The three major pieces of legislation discussed included:
- R. 4495, the “Downpayment Toward Equity Act,” which would authorize $100 billion for a new U.S. Department of Housing & Urban Development (HUD) grant program to provide financial assistance to first-time, first-generation homebuyers to put towards a down payment and other upfront costs to purchase a home. This funding would help address multigenerational inequities in access to homeownership and help close the racial wealth and homeownership gaps in the United States.
- Title IV of H.R. 5376, the “Build Back Better Act,” which would, among other things, provide more than $150 billion in fair and affordable housing investments to build, rehabilitate, and retrofit over one million homes, reduce the cost of housing, address homelessness, and increase access to homeownership.
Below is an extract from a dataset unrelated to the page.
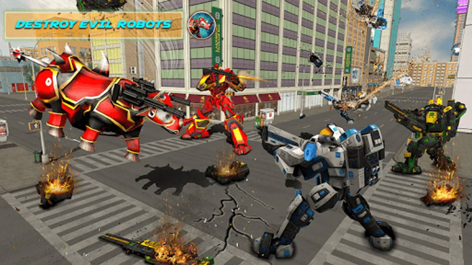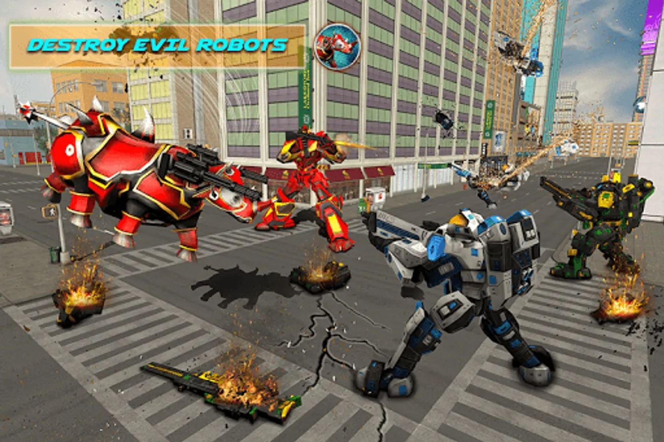 Rhino Robot Car Futuristic Robot Transformation is our fresh addition to real robot fighting games coming with wow multi robot transformation along with cool new robot dash mixed with pretty cool transforming cars and robot transform with a twist that is not seen in transform robot games or any robot action games. In our mega robot games our main focus is providing action which is why we choose robot rhino with robot car or robot truck in mega robot wars. Our rhino robot app is packed with futuristic robots war which is new to the genre of real robots with robot battle plus you also get to experience futuristic robots against evil robots a concept that is new for robo games and also the robot transforming games. We always try to develop robot action for robot games along with innovative robot transformation so that our games are preferred amongst robot transform game. Are you ready for the newest robot attack available in the market, are you prepared to handle the machine aggression of the rhino in a town where evil forces are trying to take over. If Yes then don’t waste time and jump right in and take your real robot car and enjoy robot transform games when you are in charge of transforming car to rhino with a cool monster truck that no one used before in any transforming robot games.

- The “Preventing Unfair Foreclosures Act of 2022,” which would provide additional protections for homeowners with the goal of ensuring they can remain in their homes whenever possible, including by codifying CFPB’s Regulation X rule requiring 120 days of delinquency before the start of a foreclosure, improving written notices during the mortgage servicing process, improving data collection and reporting, establishing the Office of the Homeowner Advocate at the CFPB, improving language access, and otherwise improving the mortgage servicing process for homeowners.
“Wealth disparities are reflected in homeownership rates, where large racial homeownership gaps persist, with Black households over 30 percentage points behind whites and Latino households 24 points behind,” said Calhoun testifying on behalf of the Center for Responsible Lending. “This means that fewer Black and Latino families enjoy any house price appreciation. Those Black and Latino families who are homeowners attain far less home equity growth on average than whites due to owning less valuable houses. Recent high house price appreciation has caused an overall greater concentration of wealth in America, and an increase in the racial wealth gap.”
Equating homeownership to a savings account with compounded interest, Pope discussed the benefits of multigenerational homeownership.
Pope, testifying on behalf of NAREB, noted, “Today, there remains a need to redress racial economic harm caused by private and public sector practices. Homeownership and the denial of access to homeownership compounds access to family wealth situations. That is; like a savings account and compounded interest, multigenerational homeownership provides capital for families to for instance: send children/grandchildren to college without loans; help another generation with down payments on their homes and thus eliminate PMI or FHA insurance costs; or provide a source of credit that can be used as equity in a new business. Thus, the homeownership advantage white families received from the 1930s through the 1980s compounds the racial wealth gap today.”